Elles remarquent que s’il est allégué par la partie adverse des témoignages rapportant la preuve de ce que le serrage effectué par ses soins ne l’avait pas été dans les règles de l’art, aucune pièce n’est versée en ce sens.
Elles ajoutent qu’il n’est pas davantage justifié de ce que la prestation de la société SOC soit à l’origine de l’inondation de la galerie technique, notamment en ce que le procès-verbal de constatation des dommages du 5 avril 2016 précité mentionne que 'Les supportages complémentaires et butés hautes ont été rajoutés par le service technique de la société Dassault. Vraisemblablement, le déboîtement est consécutif à un coup de bélier'.
***
12. Sur ce, vu l’article 1315 du code civil susmentionné.
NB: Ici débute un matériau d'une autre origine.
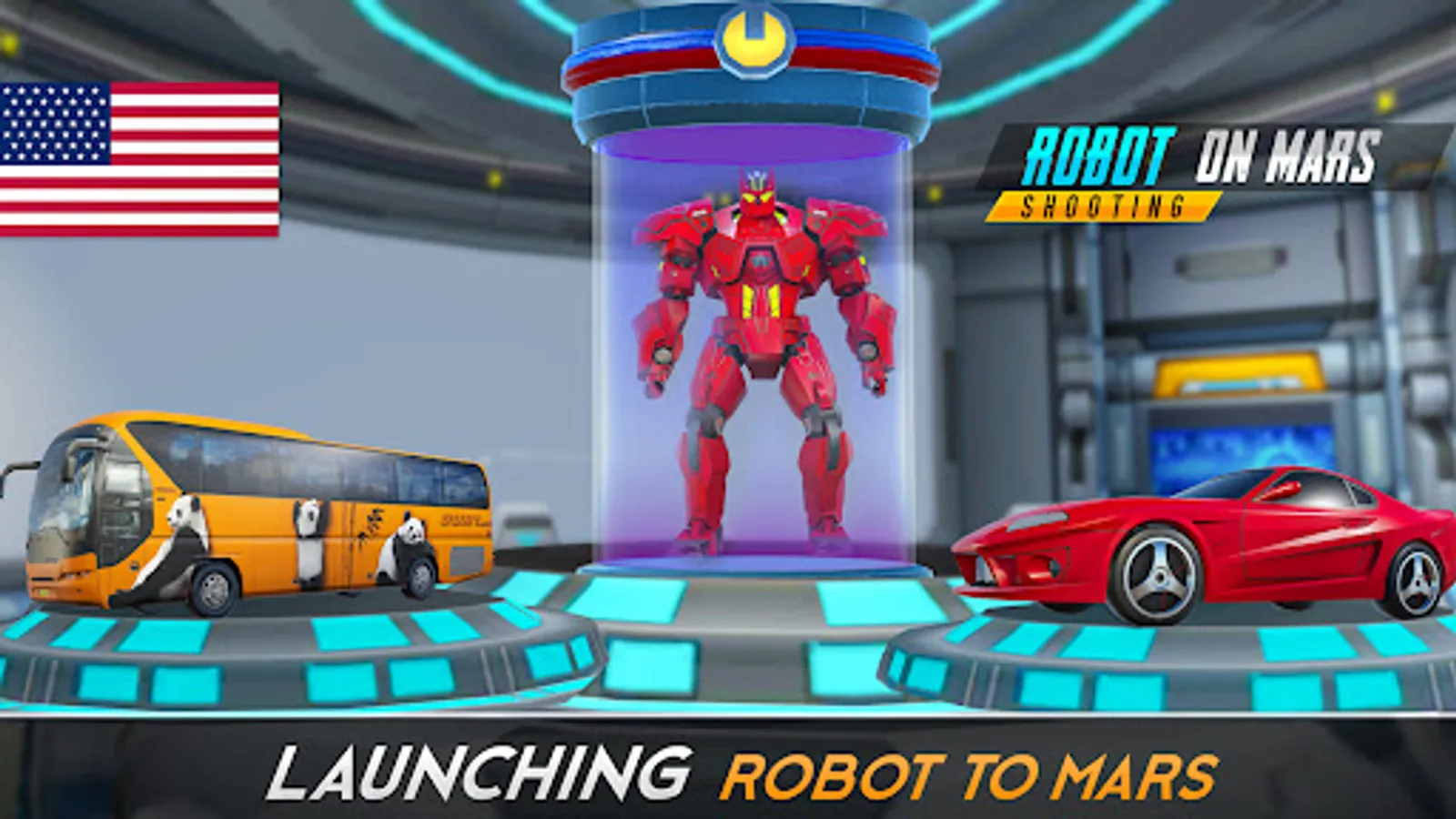 Build your own multi transforming robots and transport them to the planet Mars. Transform yourself into bus robots and car robots and launch them into space station. Driving through the ramps and robots teleport scene from earth planet to Mars provides a thrilling scenario in bus robot games and robot car games 3d. On planet mars, launch your war robots for final mars robot battle in bus robot games and car robot games.

L’article 1147, devenu 1231-1, du même code prévoit que 'Le débiteur est condamné, s’il y a lieu, au paiement de dommages et intérêts, soit à raison de l’inexécution de l’obligation, soit à raison du retard dans l’exécution, toutes les fois qu’il ne justifie pas que l’inexécution provient d’une cause étrangère qui ne peut lui être imputée, encore qu’il n’y ait aucune mauvaise foi de sa part.'
Il est de principe qu’un contrat d’entreprise en matière de plomberie, lorsqu’il porte sur une réparation de canalisation, engendre une obligation de résultat pour l’intervenant lors de sa mission.
13. Il ressort des explications des parties que la société SOC est intervenue sur la pièce qui est à l’origine de la fuite objet du présent litige, notamment pour changer un joint de celle-ci. Il résulte de cette seule constatation que le premier juge a pu retenir une présomption de faute dans la réalisation de la réparation précitée, notamment du fait de la proximité dans le temps entre la réparation et la nouvelle fuite et du fait qu’il s’agit de la même pièce.
Il sera relevé que cette responsabilité, en ce qu’il s’agit d’une réparation et non de la mise en place d’un réseau d’évacuation ou de fourniture d’eau, ne relève pas des articles 1792 et suivants du code civil, mais bien de l’article 1147 du même code précité.
Il appartient aux sociétés appelantes, au vu de ces éléments, d’établir l’existence d’un fait exonératoire, telle que l’intervention d’un tiers ou l’existence d’une cause étrangère au sinistre, ce qu’elles ne font pas.
Du fait de ces éléments, la décision attaquée n’a pas inversé la charge de la preuve. La contestation des appelantes sera donc rejetée et le jugement en date du 2 mai 2022 sera confirmé de ce chef.
III Sur les demandes annexes.
14. En application de l’article 700 du code de procédure civile, le juge condamne la partie tenue aux dépens ou qui perd son procès à payer à l’autre partie la somme qu’il détermine, au titre des frais exposés et non compris dans les dépens.
L’équité exige que la société SMA soit condamnée à verser aux sociétés AGCS et Dassault Aviation, ensemble, une somme de 2.000 € en application des dispositions de l’article 700 du code de procédure civile au titre de la présente procédure.
15. Aux termes de l’article 696 alinéa premier du code de procédure civile, la partie perdante est condamnée aux dépens, à moins que le juge, par décision motivée, n’en mette la totalité ou une fraction à la charge d’une autre partie. Sur ce fondement les sociétés SOC et AGCS, qui succombent au principal, supporteront in solidum la charge des entiers dépens.
PAR CES MOTIFS
LA COUR,
Confirme la décision rendue par le tribunal judiciaire de Bordeaux le 2 mai 2022 ;
Y ajoutant,
Condamne la société SMA à régler aux sociétés Dassault Aviation et AGCS, ensemble, une somme de 2.000 € en application des dispositions de l’article 700 du code de procédure civile au titre de la présente procédure d’appel ;
Condamne in solidum les sociétés SOC et SMA aux entiers dépens de la présente instance.
Le présent arrêt a été signé par Paule POIREL, présidente, et par Vincent BRUGERE, greffier, auquel la minute de la décision a été remise par le magistrat signataire.